Recorded information
┏━━

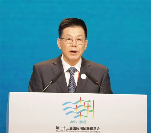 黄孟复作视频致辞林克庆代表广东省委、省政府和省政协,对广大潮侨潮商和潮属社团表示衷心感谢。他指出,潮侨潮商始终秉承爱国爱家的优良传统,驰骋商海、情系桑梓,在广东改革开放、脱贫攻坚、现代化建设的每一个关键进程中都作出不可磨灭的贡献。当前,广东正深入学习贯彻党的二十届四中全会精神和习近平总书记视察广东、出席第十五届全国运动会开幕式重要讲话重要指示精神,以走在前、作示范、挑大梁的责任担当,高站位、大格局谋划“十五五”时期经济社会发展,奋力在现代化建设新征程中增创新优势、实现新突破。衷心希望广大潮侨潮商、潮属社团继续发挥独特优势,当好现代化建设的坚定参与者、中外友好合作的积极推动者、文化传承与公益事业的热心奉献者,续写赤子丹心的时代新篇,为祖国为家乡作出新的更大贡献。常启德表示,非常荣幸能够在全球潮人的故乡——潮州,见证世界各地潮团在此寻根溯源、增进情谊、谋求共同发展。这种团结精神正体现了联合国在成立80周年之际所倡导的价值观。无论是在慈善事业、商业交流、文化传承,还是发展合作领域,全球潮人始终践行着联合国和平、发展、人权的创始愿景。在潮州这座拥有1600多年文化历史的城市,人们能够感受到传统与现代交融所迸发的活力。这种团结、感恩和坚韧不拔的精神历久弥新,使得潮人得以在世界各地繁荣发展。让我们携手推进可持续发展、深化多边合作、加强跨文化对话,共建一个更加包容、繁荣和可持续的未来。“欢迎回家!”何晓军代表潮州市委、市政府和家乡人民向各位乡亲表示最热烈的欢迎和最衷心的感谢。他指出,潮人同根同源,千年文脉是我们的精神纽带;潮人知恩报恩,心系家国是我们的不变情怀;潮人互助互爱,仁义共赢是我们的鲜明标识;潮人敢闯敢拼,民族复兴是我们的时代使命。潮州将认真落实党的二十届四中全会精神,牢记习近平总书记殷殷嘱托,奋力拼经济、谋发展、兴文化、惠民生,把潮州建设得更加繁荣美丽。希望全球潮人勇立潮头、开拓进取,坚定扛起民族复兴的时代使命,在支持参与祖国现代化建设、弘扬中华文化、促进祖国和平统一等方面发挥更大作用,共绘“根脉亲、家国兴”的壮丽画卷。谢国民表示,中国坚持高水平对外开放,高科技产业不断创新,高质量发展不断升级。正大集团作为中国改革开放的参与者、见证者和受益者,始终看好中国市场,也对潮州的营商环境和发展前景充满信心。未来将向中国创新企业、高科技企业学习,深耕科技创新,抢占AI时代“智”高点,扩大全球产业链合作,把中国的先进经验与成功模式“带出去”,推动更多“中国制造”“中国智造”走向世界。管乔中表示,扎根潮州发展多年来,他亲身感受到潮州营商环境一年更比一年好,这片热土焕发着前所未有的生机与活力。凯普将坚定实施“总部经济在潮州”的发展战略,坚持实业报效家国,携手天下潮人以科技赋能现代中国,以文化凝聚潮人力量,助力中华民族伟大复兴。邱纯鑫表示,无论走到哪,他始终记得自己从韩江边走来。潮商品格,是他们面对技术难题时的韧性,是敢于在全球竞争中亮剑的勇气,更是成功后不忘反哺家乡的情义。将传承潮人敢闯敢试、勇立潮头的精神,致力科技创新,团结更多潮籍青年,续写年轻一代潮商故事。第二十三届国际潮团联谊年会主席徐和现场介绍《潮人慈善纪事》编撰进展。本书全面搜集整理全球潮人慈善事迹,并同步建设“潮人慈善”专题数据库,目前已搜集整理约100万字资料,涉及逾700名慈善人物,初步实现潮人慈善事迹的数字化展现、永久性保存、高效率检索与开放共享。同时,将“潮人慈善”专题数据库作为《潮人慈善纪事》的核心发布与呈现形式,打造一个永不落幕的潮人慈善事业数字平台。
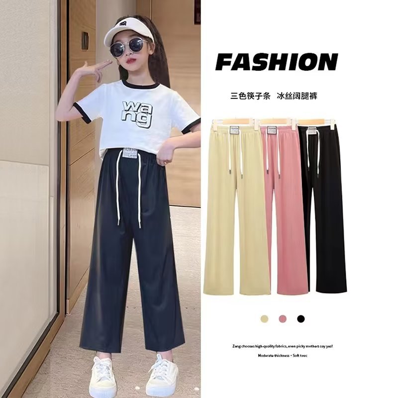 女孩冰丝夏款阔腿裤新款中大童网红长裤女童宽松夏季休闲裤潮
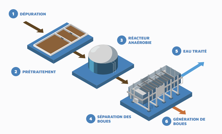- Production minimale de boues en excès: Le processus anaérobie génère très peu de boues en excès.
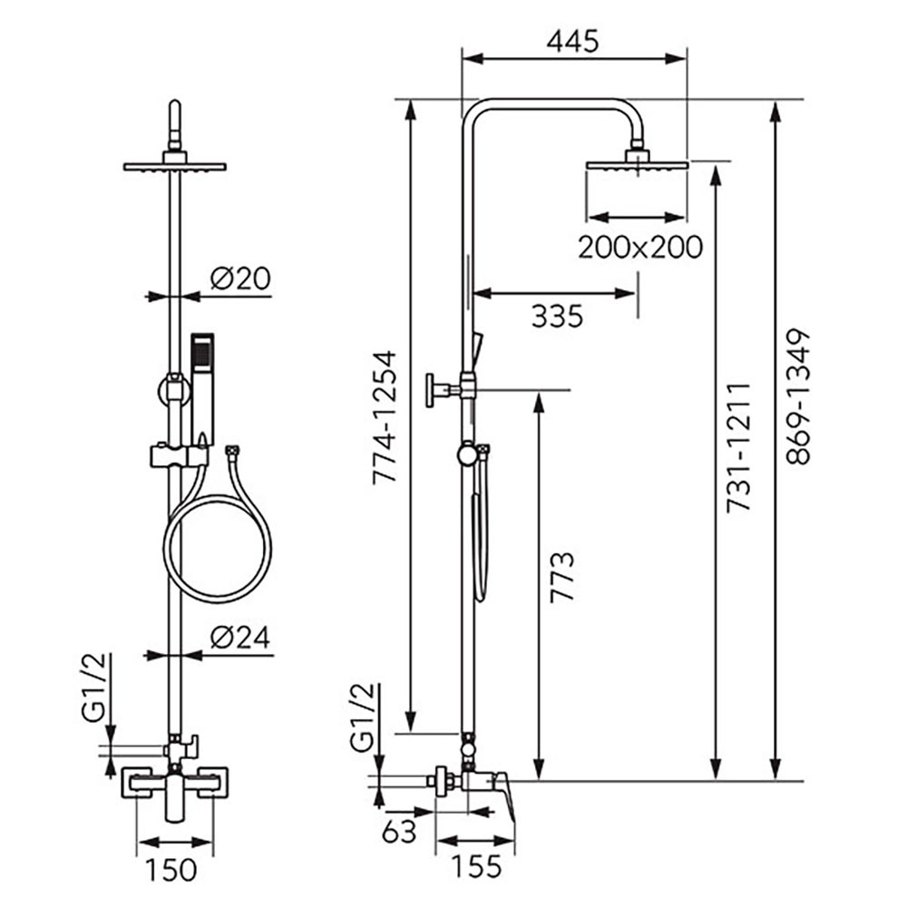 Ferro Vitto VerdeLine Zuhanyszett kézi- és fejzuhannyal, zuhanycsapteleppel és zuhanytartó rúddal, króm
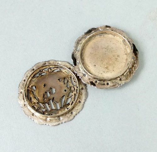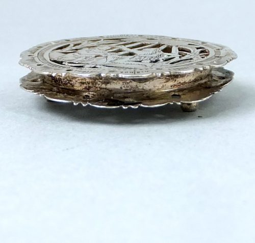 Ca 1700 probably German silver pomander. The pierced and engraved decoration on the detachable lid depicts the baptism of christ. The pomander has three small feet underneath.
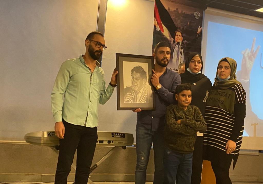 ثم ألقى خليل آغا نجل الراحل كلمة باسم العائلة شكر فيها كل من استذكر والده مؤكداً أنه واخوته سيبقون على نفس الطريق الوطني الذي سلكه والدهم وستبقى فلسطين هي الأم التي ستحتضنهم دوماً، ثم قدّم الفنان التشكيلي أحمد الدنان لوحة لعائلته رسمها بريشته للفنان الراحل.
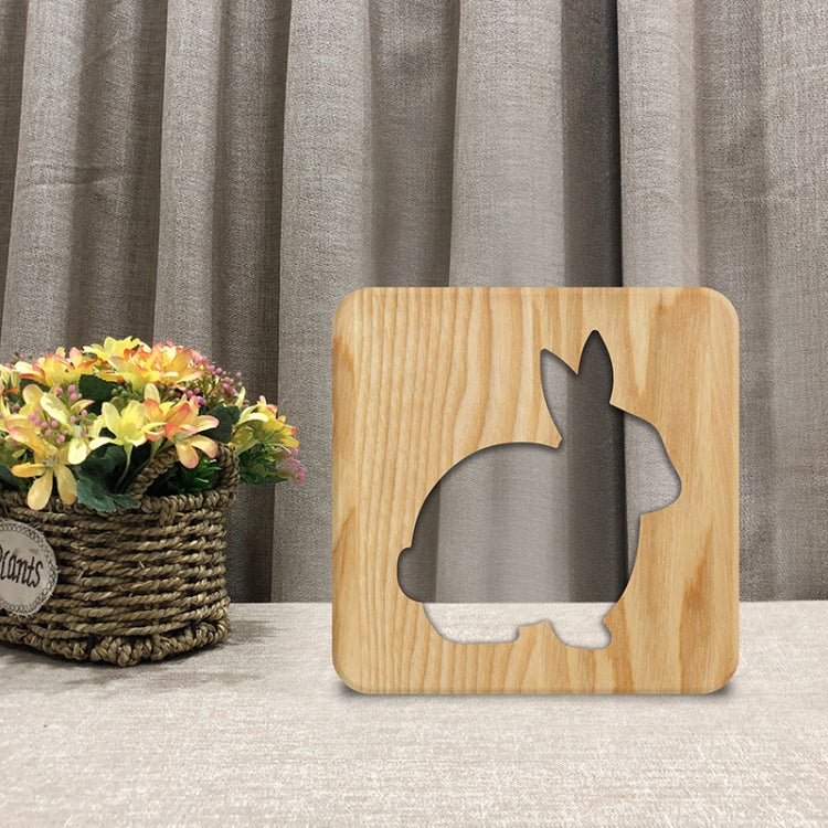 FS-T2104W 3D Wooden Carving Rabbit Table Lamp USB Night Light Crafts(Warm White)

┗━━
┏━━

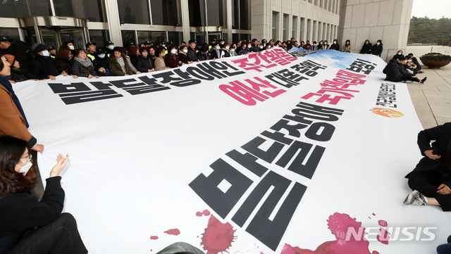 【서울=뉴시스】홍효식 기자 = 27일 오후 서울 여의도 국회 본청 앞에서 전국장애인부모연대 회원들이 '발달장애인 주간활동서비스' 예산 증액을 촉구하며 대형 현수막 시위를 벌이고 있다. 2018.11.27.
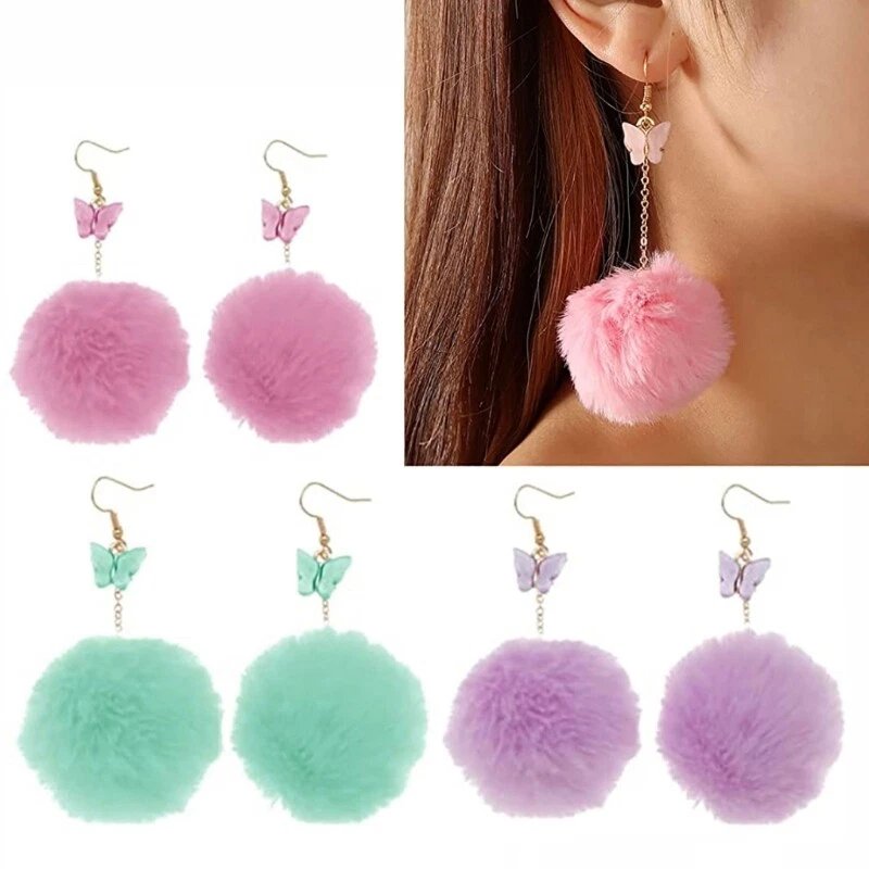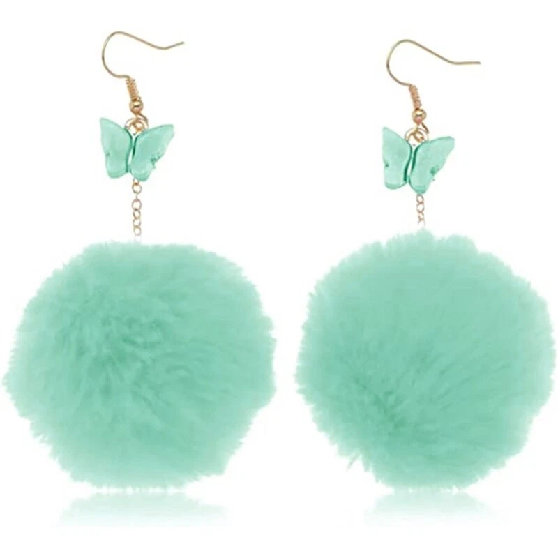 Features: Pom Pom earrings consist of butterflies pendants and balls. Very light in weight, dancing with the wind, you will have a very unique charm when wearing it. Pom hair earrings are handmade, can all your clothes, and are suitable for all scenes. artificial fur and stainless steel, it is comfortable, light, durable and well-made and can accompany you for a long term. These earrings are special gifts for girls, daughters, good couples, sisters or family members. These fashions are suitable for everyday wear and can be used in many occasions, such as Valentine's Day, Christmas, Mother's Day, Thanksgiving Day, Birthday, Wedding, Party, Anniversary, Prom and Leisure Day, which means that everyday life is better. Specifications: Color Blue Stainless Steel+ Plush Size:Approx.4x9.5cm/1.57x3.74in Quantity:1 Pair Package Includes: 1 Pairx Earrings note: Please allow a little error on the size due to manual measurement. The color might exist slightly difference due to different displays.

┗━━

Your objective
I'd like the lines above repeated exactly, from the one that contains "女孩冰丝夏款阔腿裤新款中大童网红长裤女童宽松夏季休闲裤潮" through the one that contains "Ferro Vitto VerdeLine", with no pictures.

Expected output
 女孩冰丝夏款阔腿裤新款中大童网红长裤女童宽松夏季休闲裤潮
- Production minimale de boues en excès: Le processus anaérobie génère très peu de boues en excès.
 Ferro Vitto VerdeLine Zuhanyszett kézi- és fejzuhannyal, zuhanycsapteleppel és zuhanytartó rúddal, króm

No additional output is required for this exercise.